Mechanical response, chemical variation, and volume change in the Brookneal and Hylas shear zones, Virginia

Abstract

Changes in volume and chemical composition were compared with strain indicators measured in two Alleghanian shear zones in granitoid plutons within the Virginia Piedmont. Both shear zones have measurable kinematic indicators that consistently record dextral strike-slip movement. The Brookneal zone, in the Melrose Granite, exhibits one ductile deformation event whereas the Hylas zone, in the Petersburg Granite, records both brittle and ductile events. Comparison of the chemical variation and volume change for each of the shear zones yields several surprising similarities given the differences in deformational history and structural style of the two zones. Overall, both zones experienced volume decreases during deformation from undeformed to ultramylonitic. Silica, K, and U increased in both zones with decreases in Fe, Mg, Sr, Ti, Mn, Y, Nb, Zr. Changes in element behavior with incremental changes in strain are different in each zone and appear to be directly related to the style of deformation and strain processes operating at each deformational stage. Chemical data from the Brookneal shear zone clusters into three groups corresponding to weak deformation, moderate strain, and ultramylonite.

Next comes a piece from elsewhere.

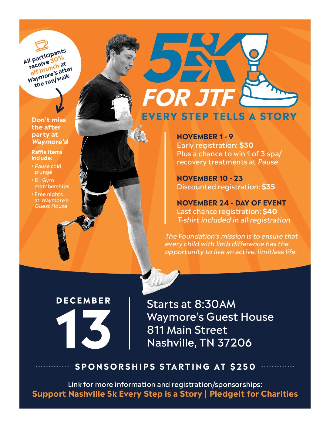 Join us bright and early to grab your race packet, stretch, and get ready for a great morning supporting the Jordan Thomas Foundation! After you cross the finish line, stick around and celebrate with us — brunch tickets are available for purchase for the post-race brunch at The Waymore. It’s the perfect way to refuel, connect, and celebrate your impact!

Deformation in the Hylas shear zone is more complex and abrupt changes in volume and element behavior may be related to brittle events late in the deformation history. The choice of immobile elements for mass balance and volume calculations was based on the petrography of the samples. The concentration of titanite in the Melrose Granite changes from several percent in the undeformed rock to absent with very minor Ti oxides in the ultramylonite. A similar decrease in most accessory minerals takes place in the Hylas zone; however monazite increases significantly. Titanium mobility is implied in the results of the chemical analyses and volume calculations. Further, it is postulated that the fluid source for the shear zones includes dehydration reactions in the granites themselves and may include other sources, especially in the case of the Hylas zone. Pressure driven fluid movement and mechanical response of the deforming rocks may be responsible for some of the observed variations in the chemistry and volume of the zones.